The Collegiate Cheap-Skate -- $5-$15 monthly budget
I like the idea of preparedness being a part of your daily life. Incorporating small things into my daily routine seems much more manageable than trying and doing it all at once. I particularly like investing in things that I can actually use, rather than just set them on the shelves and forget about them.
As an avid camper and hiker, I am always looking for gear and equipment that I can take out on the trail, but also have around in case of an emergency. And since I am in college and trying to make it on my own, doing so on a shoestring budget is even better.

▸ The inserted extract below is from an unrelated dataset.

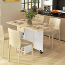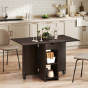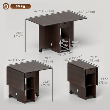 Dining tables are hot spots even when there's no food on them. Playing games or helping with homework is where you share good times with family and friends. This drop leaf table is constructed of particleboard frame, with two side leaves, great for a smaller kitchen or as an accent in a larger room. The folding dining table seats up to four people for a weekend brunch with friends. Make your house a home with HOMCOM.
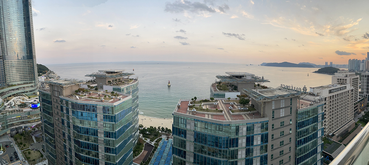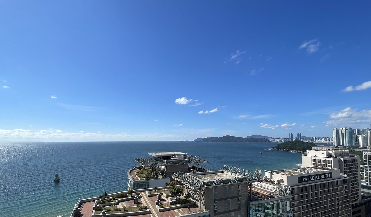 해운대에 숙소를 잡는 이유는 바다뷰 때문이죠. 영무 파라드호텔 고층에서는 바다가 시원하게 보인답니다.

This month I've got my eye on two very useful, very affordable items:
Katadyn Micropur Tablets
These things are pretty amazing: 1 tablet will kill all protozoa, bacteria and viruses in a liter of water. Each tablet is only slightly larger than an Aspirin, so weight and size are not even an issue. Time is a bit of an issue: if the water is clear, contact time is 30 minutes, but if it has a lot of dirt and sediment in it, you need to let it set for up to 4 hours. To help me overcome the time problem, I plan on getting...
EEI Water Bottle
I love these water bottles. They are BPA-free, have an extra-wide mouth, and fit in my backpack water bottle holder perfectly. And they have graduated measurements on the side so I know how much water I've got in there when I go to use my Micropur Tablets. By getting two of them, I can have water purifying in one while I drink out of the other, and then alternate between them, making the 4 hour contact time irrelevant. At $3.95 each, two of these will put me about a dollar or so over budget, but I will totally play by the rules next month, I almost promise.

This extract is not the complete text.